[Material to process]
###

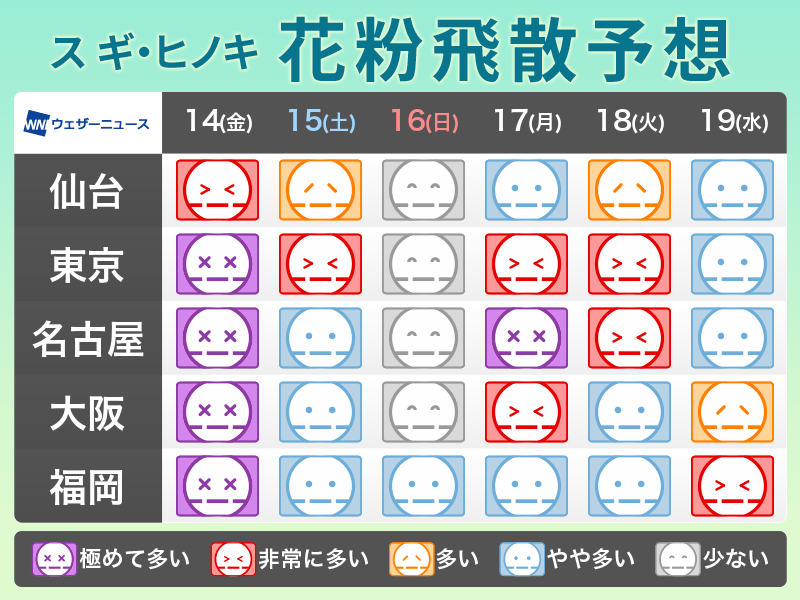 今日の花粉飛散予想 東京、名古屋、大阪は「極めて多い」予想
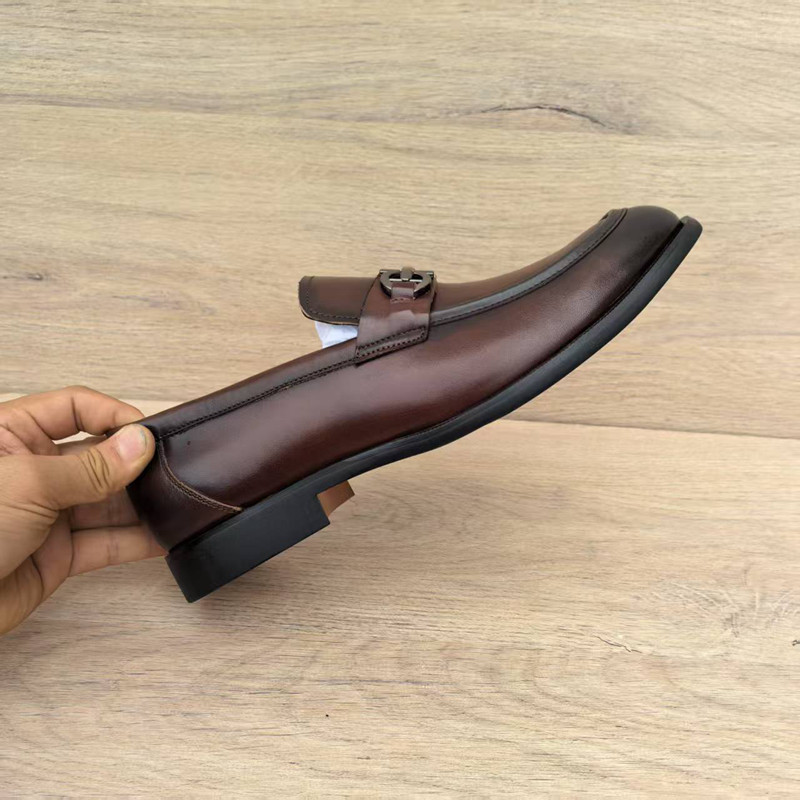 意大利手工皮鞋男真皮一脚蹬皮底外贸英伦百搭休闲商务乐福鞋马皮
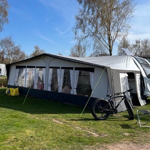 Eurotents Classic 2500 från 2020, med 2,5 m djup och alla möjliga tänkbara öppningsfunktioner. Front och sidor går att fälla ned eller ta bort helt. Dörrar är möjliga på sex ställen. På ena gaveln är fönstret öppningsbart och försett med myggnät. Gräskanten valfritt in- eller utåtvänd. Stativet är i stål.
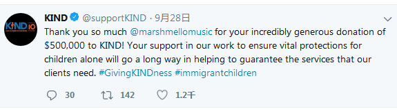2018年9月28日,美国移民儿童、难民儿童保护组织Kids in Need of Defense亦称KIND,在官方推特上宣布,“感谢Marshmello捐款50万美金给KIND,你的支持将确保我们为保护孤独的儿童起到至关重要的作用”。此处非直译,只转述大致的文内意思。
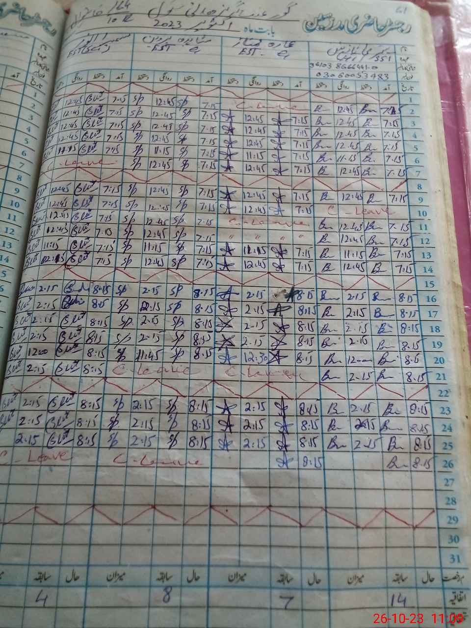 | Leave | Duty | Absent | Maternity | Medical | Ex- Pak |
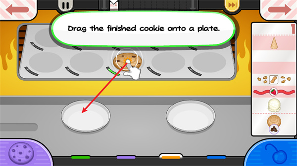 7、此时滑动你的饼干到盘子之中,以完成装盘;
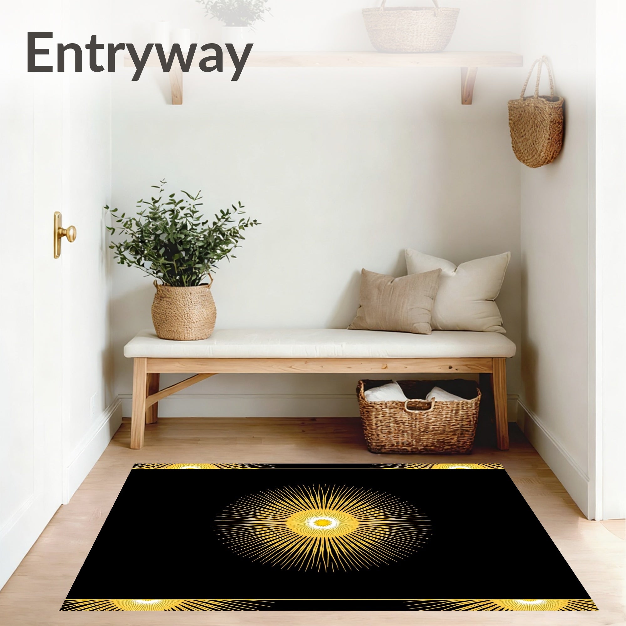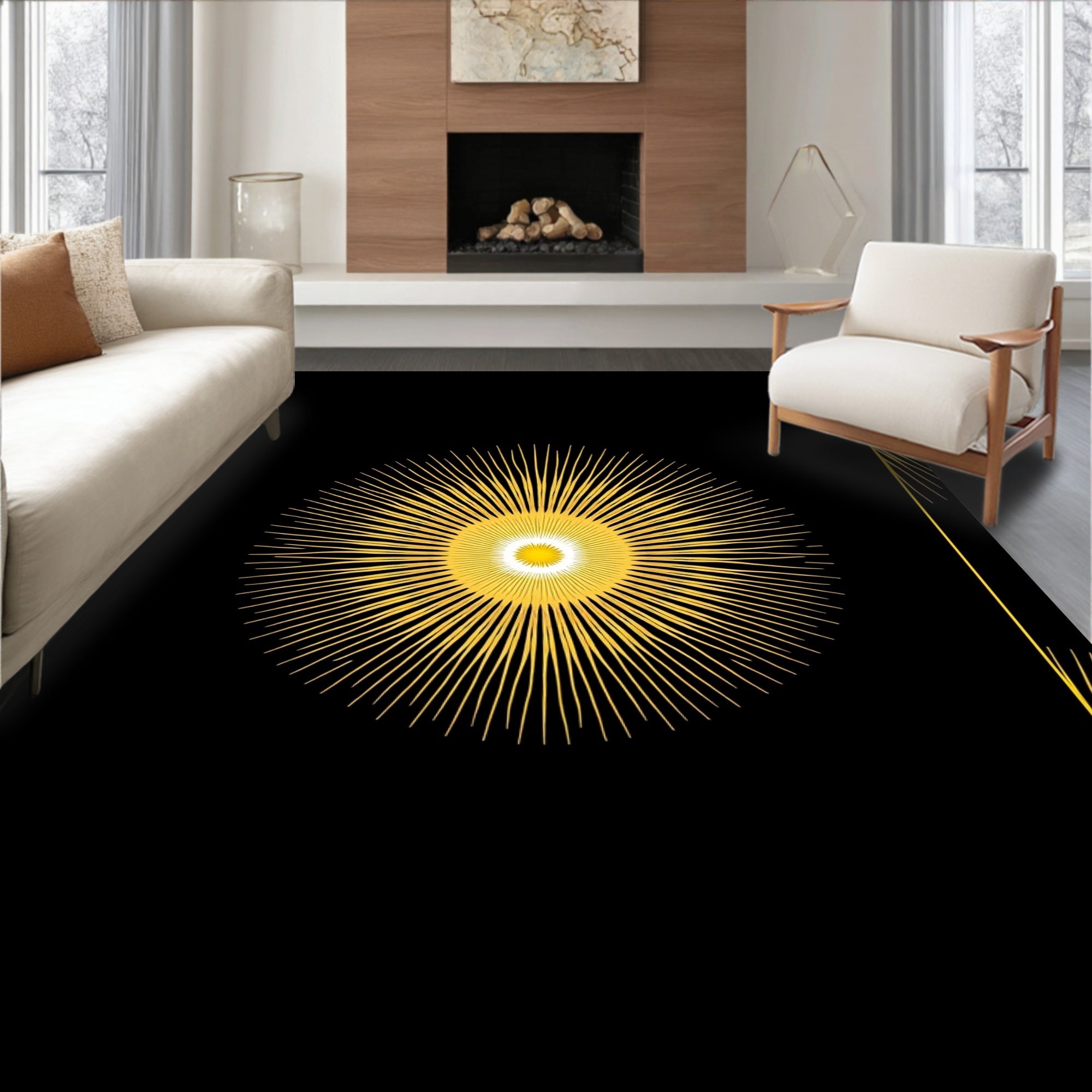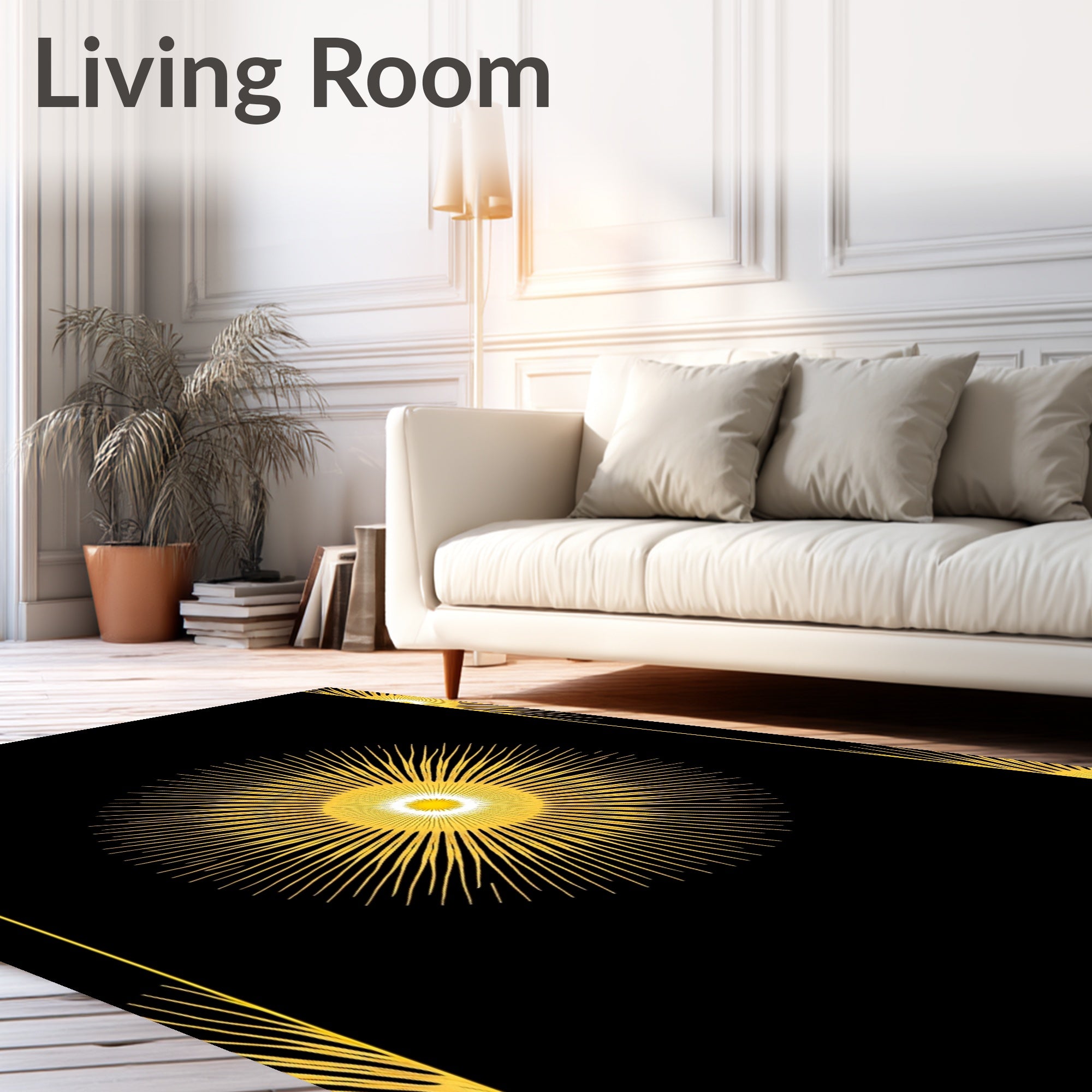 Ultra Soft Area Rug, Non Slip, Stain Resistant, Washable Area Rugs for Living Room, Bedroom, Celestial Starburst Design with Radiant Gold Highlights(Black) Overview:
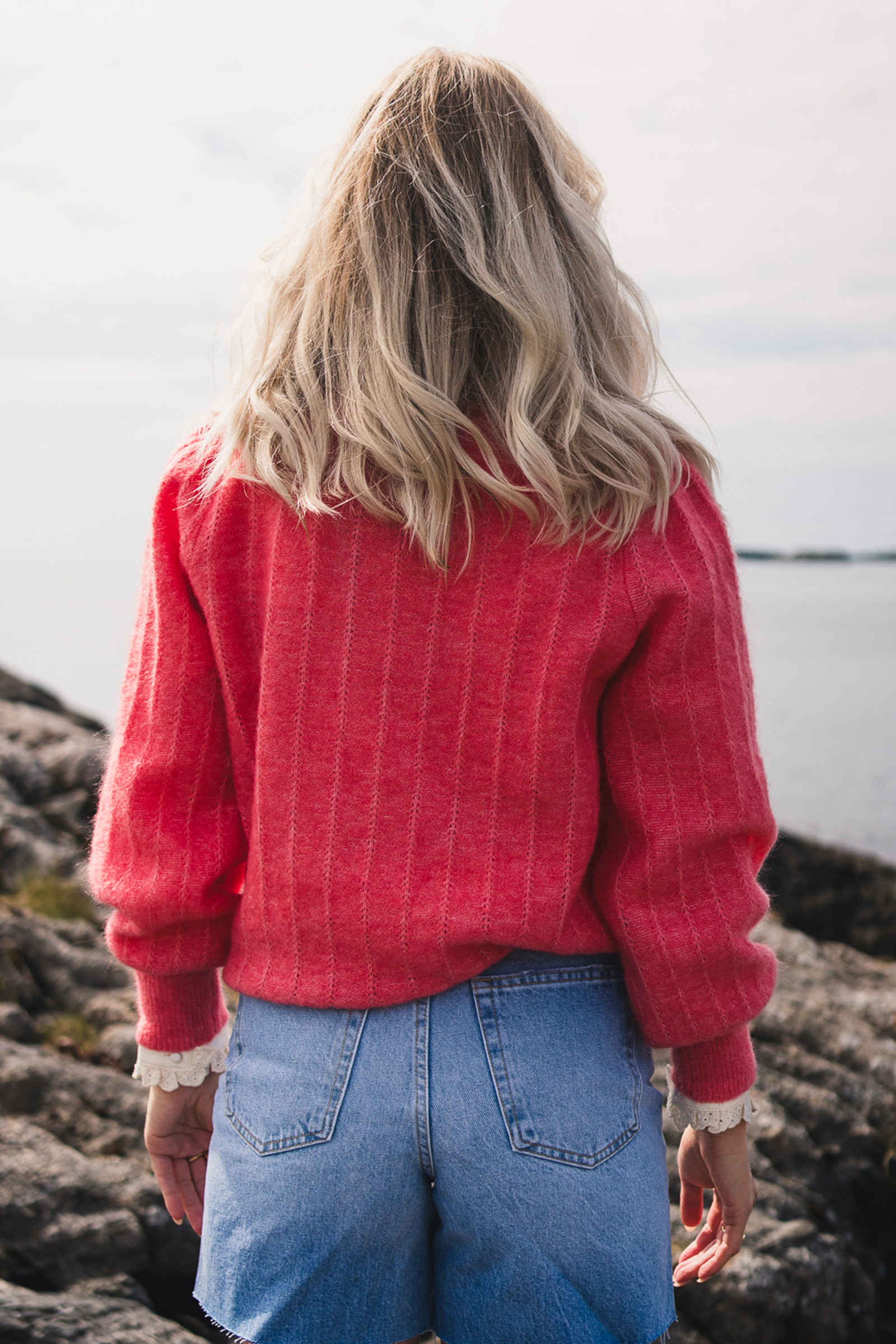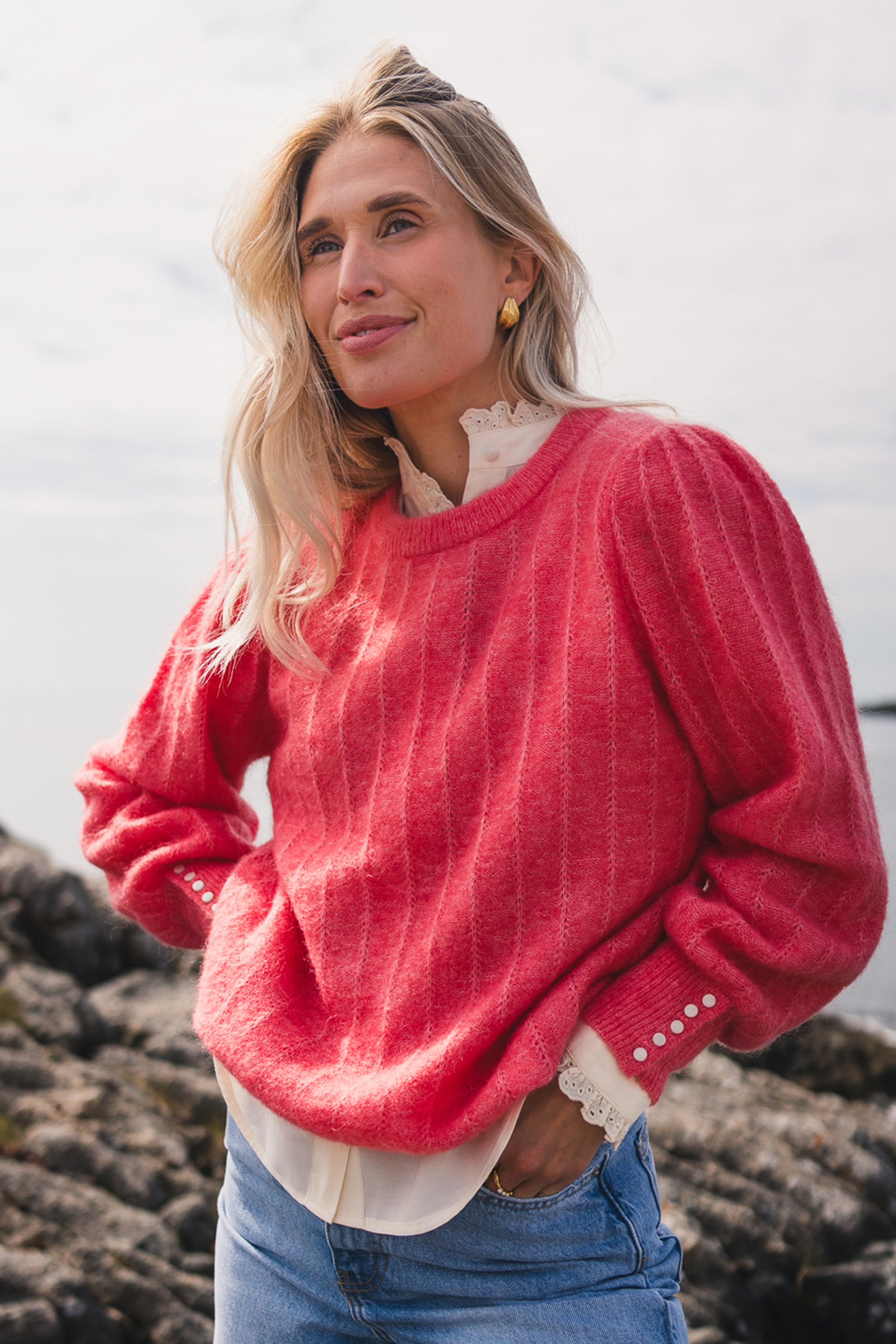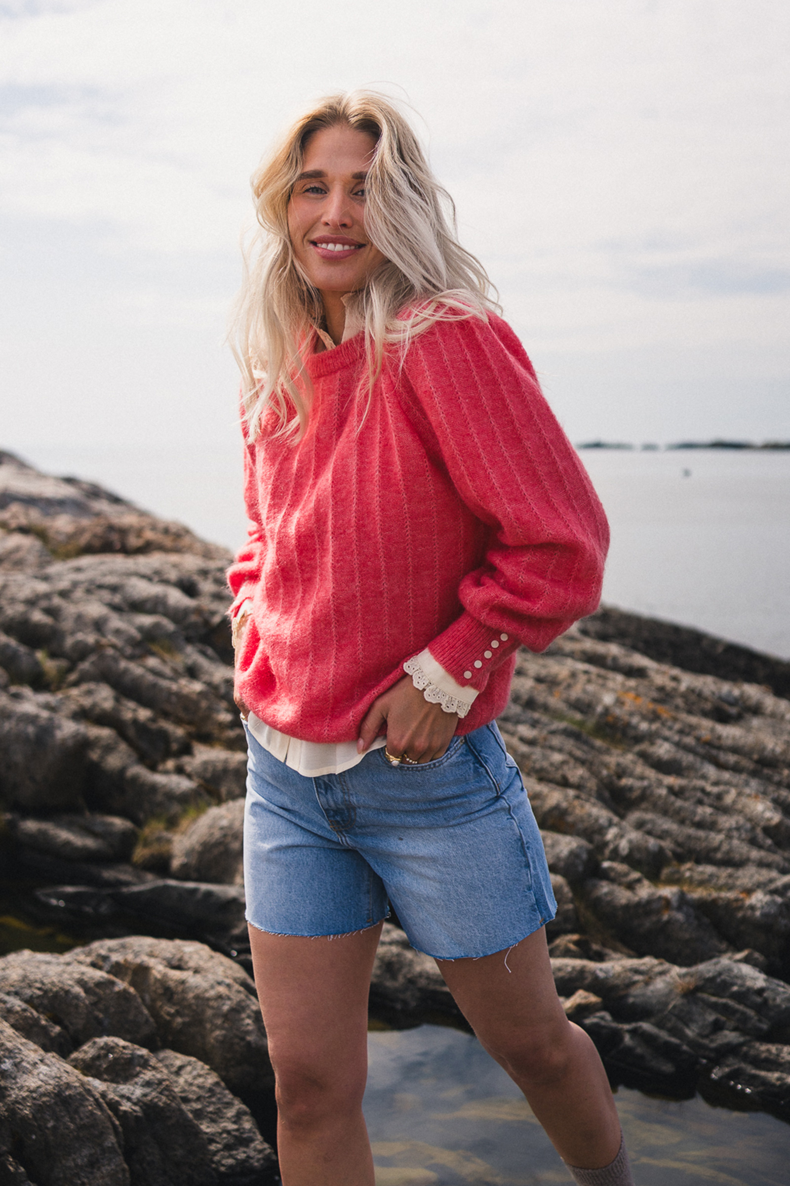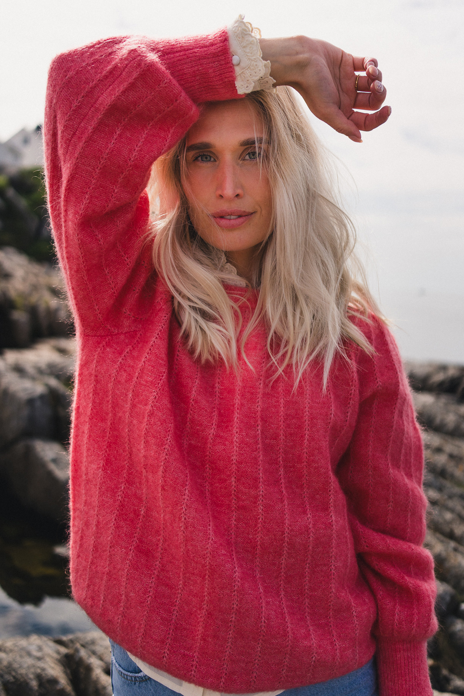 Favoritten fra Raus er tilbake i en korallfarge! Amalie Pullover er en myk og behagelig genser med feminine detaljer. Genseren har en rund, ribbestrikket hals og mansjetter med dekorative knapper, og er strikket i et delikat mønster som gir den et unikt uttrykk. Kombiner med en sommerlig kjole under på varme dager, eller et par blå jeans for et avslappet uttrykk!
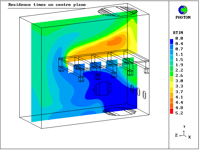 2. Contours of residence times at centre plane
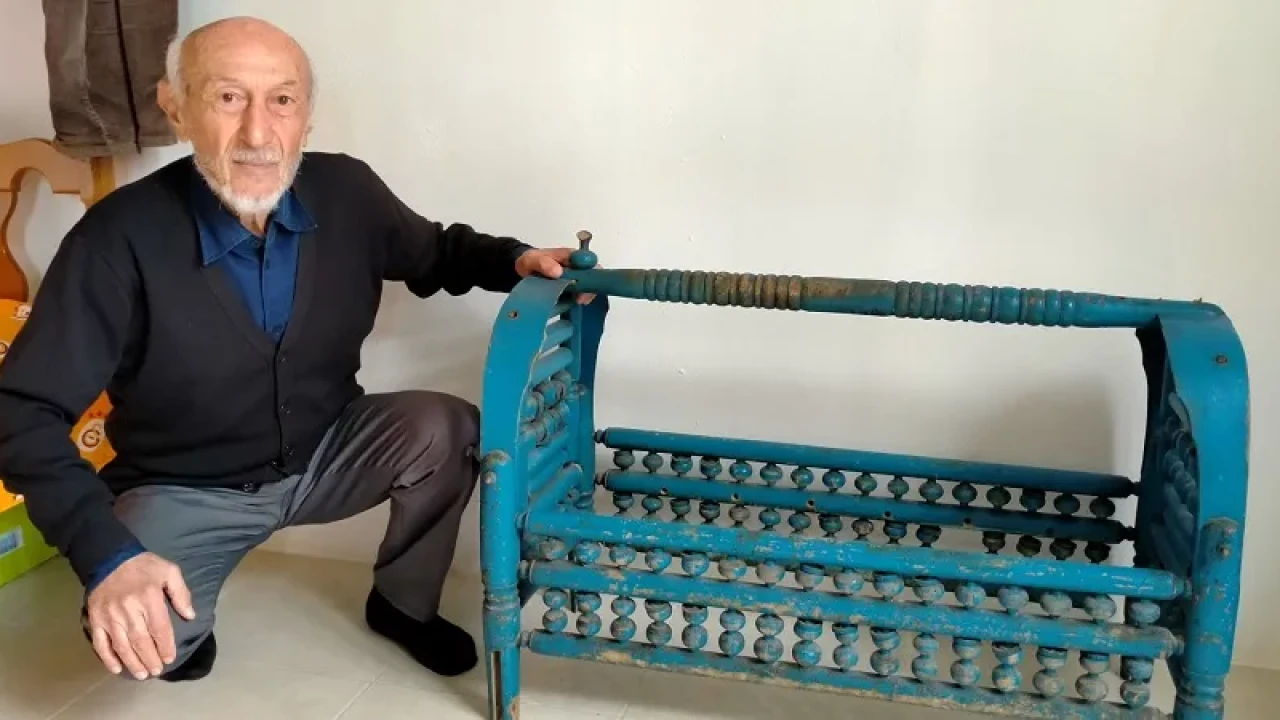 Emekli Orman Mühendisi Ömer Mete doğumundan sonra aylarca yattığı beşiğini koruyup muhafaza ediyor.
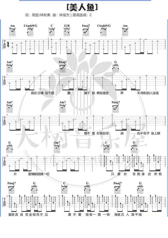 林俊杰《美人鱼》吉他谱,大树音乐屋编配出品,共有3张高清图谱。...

###

Please set down only the lines from the one containing "2. Contours of" through the end of the entries, exactly as they stand, both ends included and with no pictures.

 2. Contours of residence times at centre plane
 Emekli Orman Mühendisi Ömer Mete doğumundan sonra aylarca yattığı beşiğini koruyup muhafaza ediyor.
 林俊杰《美人鱼》吉他谱,大树音乐屋编配出品,共有3张高清图谱。...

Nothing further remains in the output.